Importantly, there was not an adequate complement of animals available to fill the uncompleted pens. According to contemporary reports, the Queen said during the ceremony that the sheep looked tired.
She was right – they had been travelling all night.
Orr’s research proved link between poverty, poor diet and ill-health
Professor Peter Morgan, director of the Rowett from 1999 to 2021, said: “As a medic, Orr was able to run his own research interests in parallel with the research the Institute was originally set up to undertake.
“In the late 1920s, he began to look at the relationship between poverty, food and optimal health.

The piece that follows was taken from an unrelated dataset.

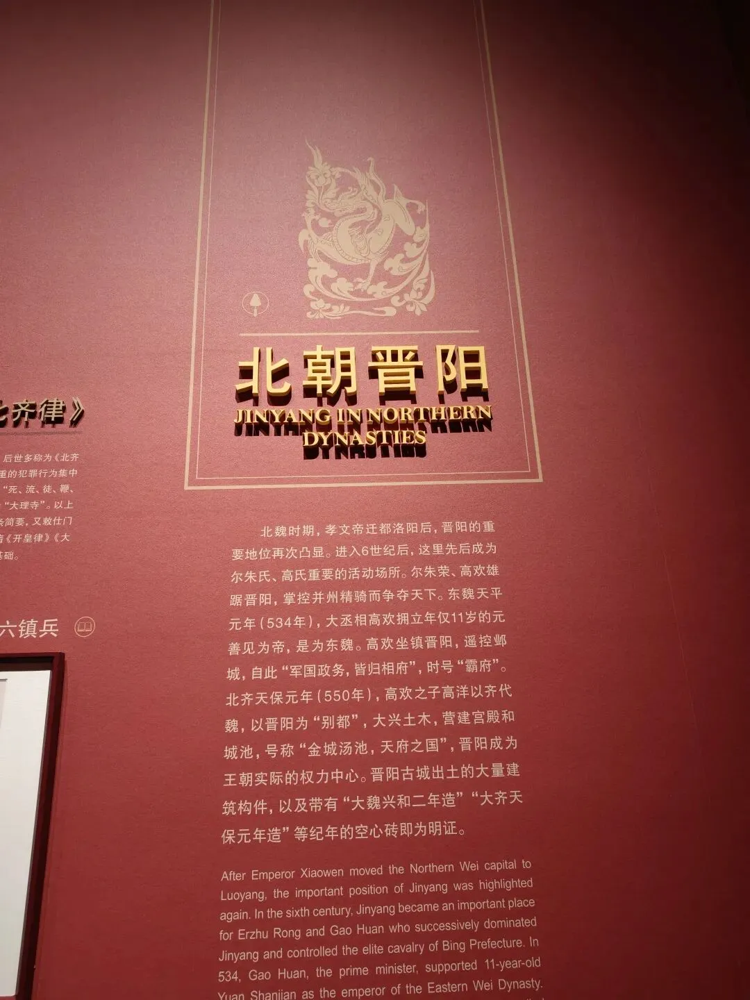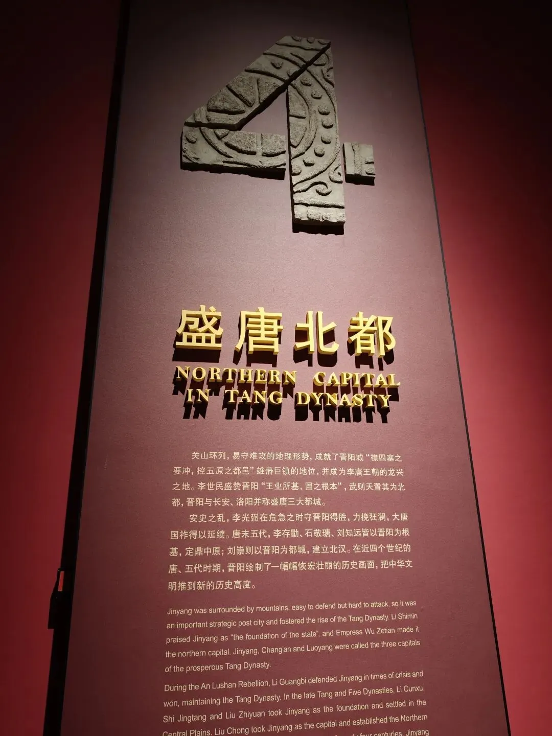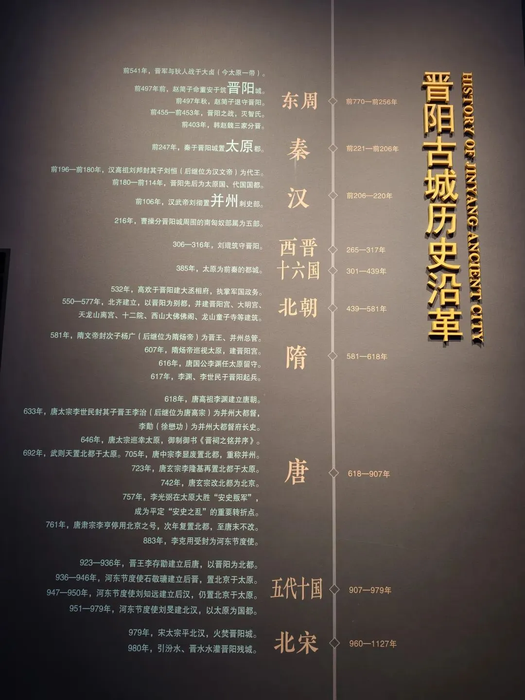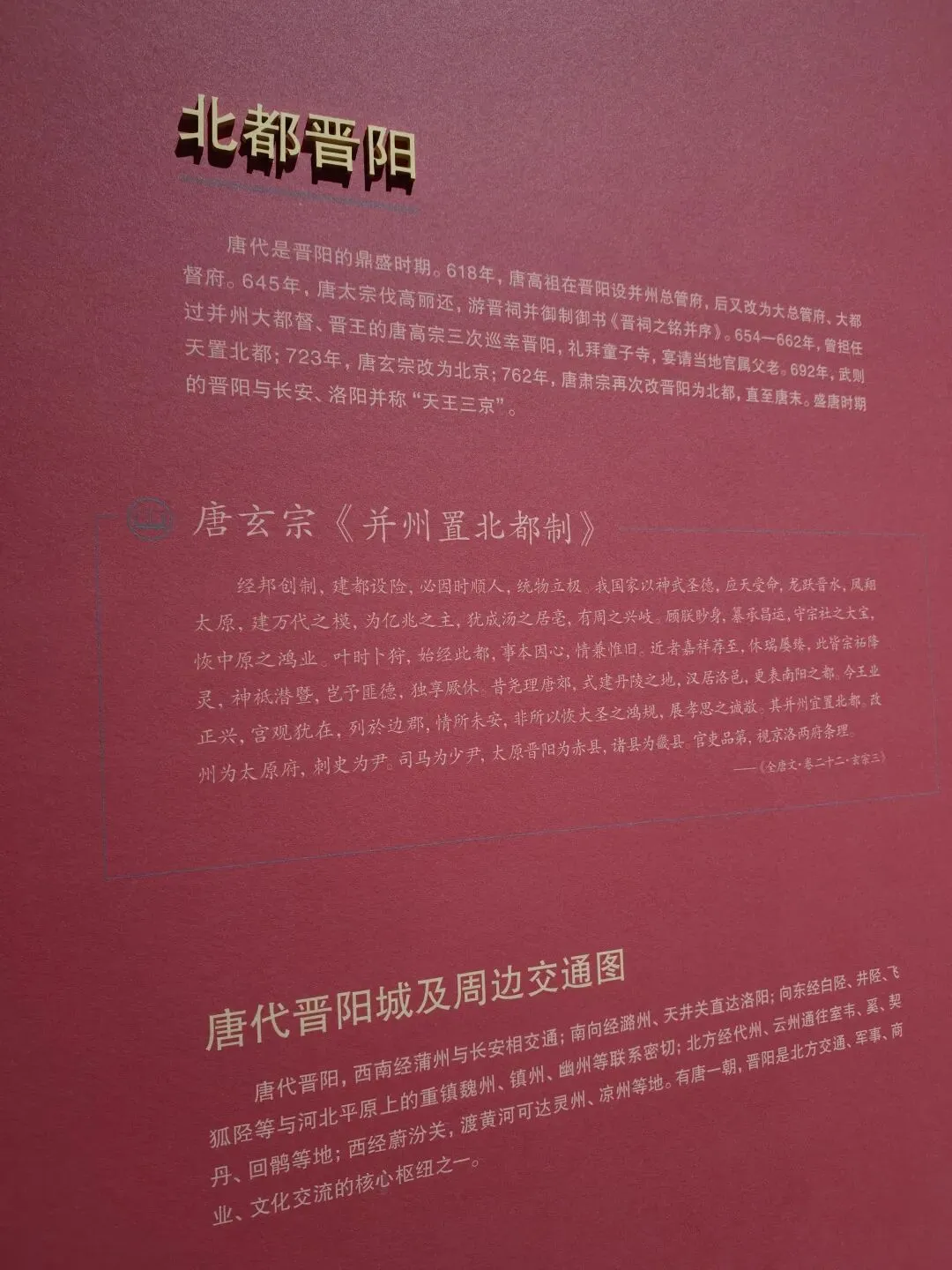 开在城墙里的晋阳古城考古博物馆。这块残碑上最著名的四个字“晋阳雄異”(異即异)透露出晋阳非同一般的历史。晋阳古城的历史沿革,从春秋建城到北宋时毁历经约两千年。晋阳的“晋”源自春秋时的晋国,也变成了如今山西的简称。不过这块大地最早的政权是商周时的古唐国。后来西周分封的唐叔虞也是周成王的弟弟,这关系算比较亲的了。分封的背景还有一段被误传的典故“剪桐封弟”好有意思。晋阳第一次面临战火是在春秋进入战国时三家分晋战役之一的晋阳之战。强大的晋国就在韩赵魏联合攻灭下进入了“三晋”时代。如果古代的臣子都能有这种觉悟,何尝不会成就一代伟大的统治。进入魏晋南北朝后,北方战乱不断,晋阳作为兵家必争之地,屡遭战火但依旧坚固。闻鸡起舞的另一位主角,并州刺史刘琨也是祖逖的好朋友,两人都有北伐之志。进入北朝,特别是孝文帝迁都洛阳后,晋阳的战略位置又得到了提高。北齐时形成了“邺-晋阳”两都制,尚书省也分俩,确实是一种分割相权的好方法。进入大唐后,作为北都的晋阳的地位再次提升,与长安、洛阳并称盛唐三大都城。太原最出名的称号就是龙兴之地,李渊建立大唐就是从太原起兵的。因此太原的地位在唐朝至关重要,成为其北都,与长安、洛阳并称“天王三京”。介绍了唐朝五座比较宏伟的城建,长安和洛阳果然是最大的两座。没时间去晋祠了,在博物馆里看到了一件来自于晋祠的石碑,唐太宗为唐叔虞歌功颂德的石碑,还是现存最早的行书碑。协助郭子仪平定安史之乱的李光弼就是在三都中洛阳和长安沦陷后死守晋阳,赢得了安史之乱中的第一场胜战。每次看到墓志铭上的石碑刻字都觉得青史留名对古人的重要性。五代十国的都城中有不少把陪都选在太原,也包括以太原为都的北汉。

His research changed our understanding of the relationship between diet and health – he was the first scientist to show that there was a link between poverty, poor diet and ill-health.”
Orr set up experiments on the value of milk to school children and discerned there was a marked improvement in their health and growth, particularly among those from the poorest households.
This underpinned a parliamentary bill to provide school children with free milk and spurred his desire for ‘a comprehensive food and agricultural policy based on human needs’, for which he lobbied hard throughout the early 1930s.
To support this, Orr led a study on ‘Food health and Income’, which classified the UK population into six groups according to income and then estimated the adequacy of the diet consumed in each of the groups. It showed that more than one third of the population was too poor to purchase an adequate selection of foods to maintain health.
So great was the interest in the 1936 study that the Carnegie Trust gave the Rowett a grant of £15,000 to carry out a wider investigation.
More than a thousand families took part across Scotland and England between 1937 and 1939. Detailed information was gathered on the socioeconomic status of each household and diet and data analysis was in progress at the Rowett when war broke out.
Orr, who had been knighted in 1935, joined a committee advising the Government on food policy and despite acute food shortages, their work ensured that women and children of the poorer classes were healthier at the end of the war than at the beginning.
In 1945, he retired from the Rowett and briefly served as an independent MP for the Scottish Universities before resigning the position in the following year to concentrate on his nutrition advocacy work.
At the end of the 1940s, his achievements were formally recognised. In 1949 he became a Freeman of the City of Aberdeen and was awarded the Nobel Peace Prize.
His last public engagement came in 1970 when he opened a large extension to the Rowett’s laboratory facilities and he died in June 1971 at his home in Angus.
But what a legacy he has left behind.